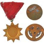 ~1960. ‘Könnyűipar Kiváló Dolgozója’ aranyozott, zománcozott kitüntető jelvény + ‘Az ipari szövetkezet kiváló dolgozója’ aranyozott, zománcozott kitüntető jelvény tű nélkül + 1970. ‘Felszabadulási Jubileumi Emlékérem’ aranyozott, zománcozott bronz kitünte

---

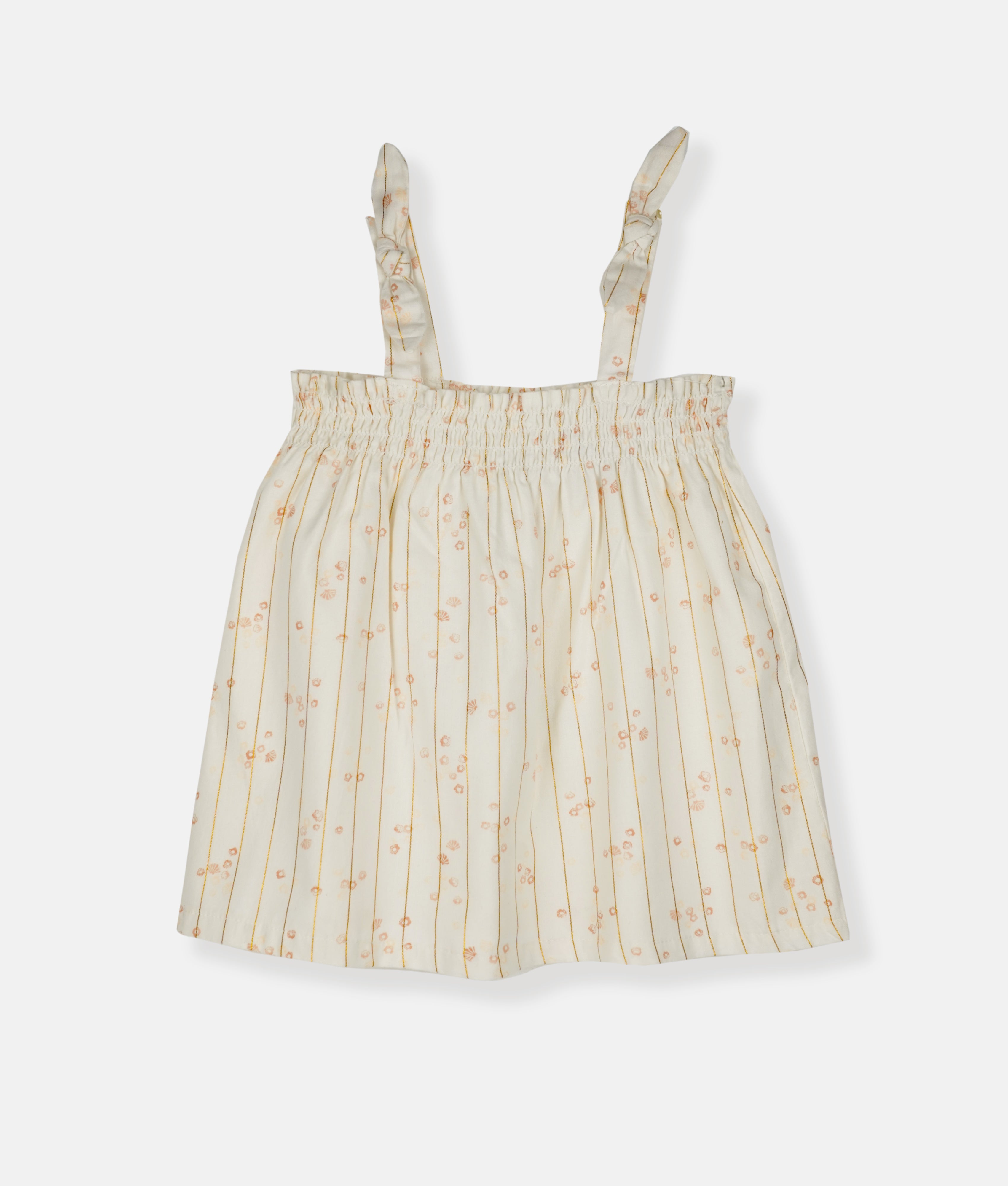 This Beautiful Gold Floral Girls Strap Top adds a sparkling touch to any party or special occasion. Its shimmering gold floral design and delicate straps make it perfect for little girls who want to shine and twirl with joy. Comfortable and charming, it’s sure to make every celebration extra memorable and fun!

---

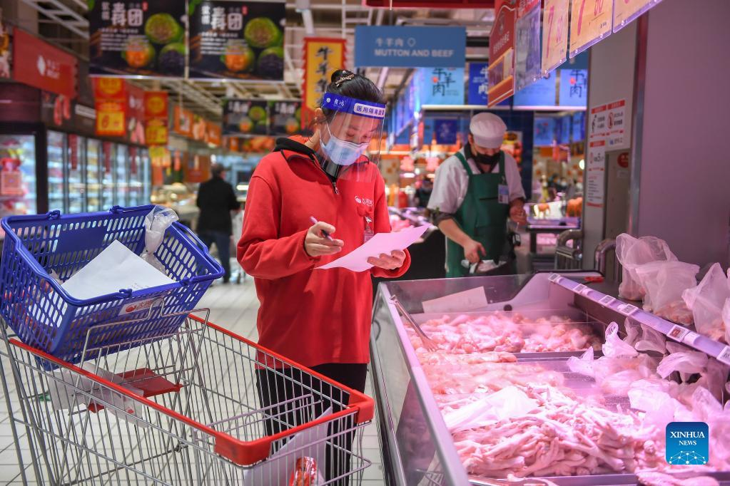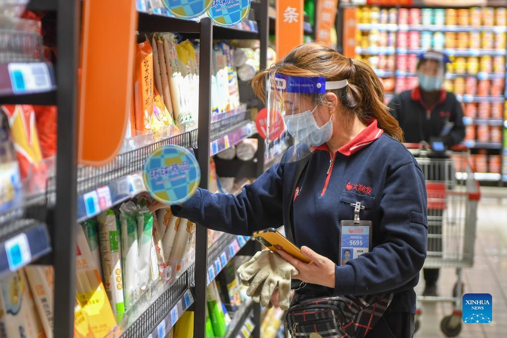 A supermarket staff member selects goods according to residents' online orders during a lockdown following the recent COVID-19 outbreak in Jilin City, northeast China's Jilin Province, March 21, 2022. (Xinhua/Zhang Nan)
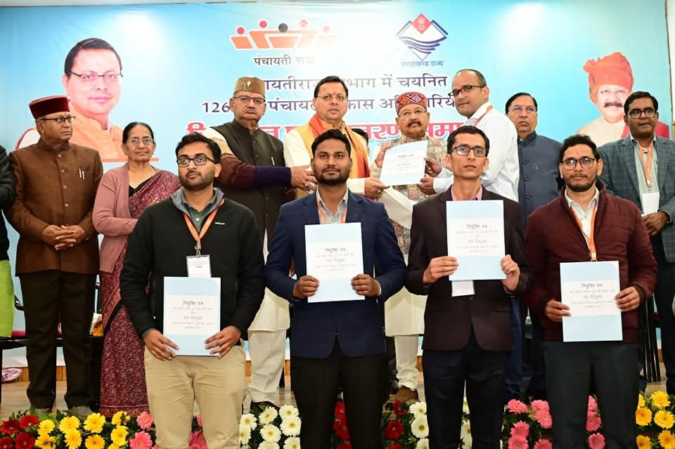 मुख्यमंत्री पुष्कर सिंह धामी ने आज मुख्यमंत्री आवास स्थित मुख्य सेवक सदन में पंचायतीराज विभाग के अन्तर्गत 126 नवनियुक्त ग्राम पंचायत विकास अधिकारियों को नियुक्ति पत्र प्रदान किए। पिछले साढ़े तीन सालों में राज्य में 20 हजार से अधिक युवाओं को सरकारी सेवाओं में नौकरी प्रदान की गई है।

_EXERCISE_
Output should consist of the lines above from the one with "A supermarket staff" down to the one with "मुख्यमंत्री पुष्कर सिंह", exact and without pictures.

_YOUR RESPONSE_
 A supermarket staff member selects goods according to residents' online orders during a lockdown following the recent COVID-19 outbreak in Jilin City, northeast China's Jilin Province, March 21, 2022. (Xinhua/Zhang Nan)
 मुख्यमंत्री पुष्कर सिंह धामी ने आज मुख्यमंत्री आवास स्थित मुख्य सेवक सदन में पंचायतीराज विभाग के अन्तर्गत 126 नवनियुक्त ग्राम पंचायत विकास अधिकारियों को नियुक्ति पत्र प्रदान किए। पिछले साढ़े तीन सालों में राज्य में 20 हजार से अधिक युवाओं को सरकारी सेवाओं में नौकरी प्रदान की गई है।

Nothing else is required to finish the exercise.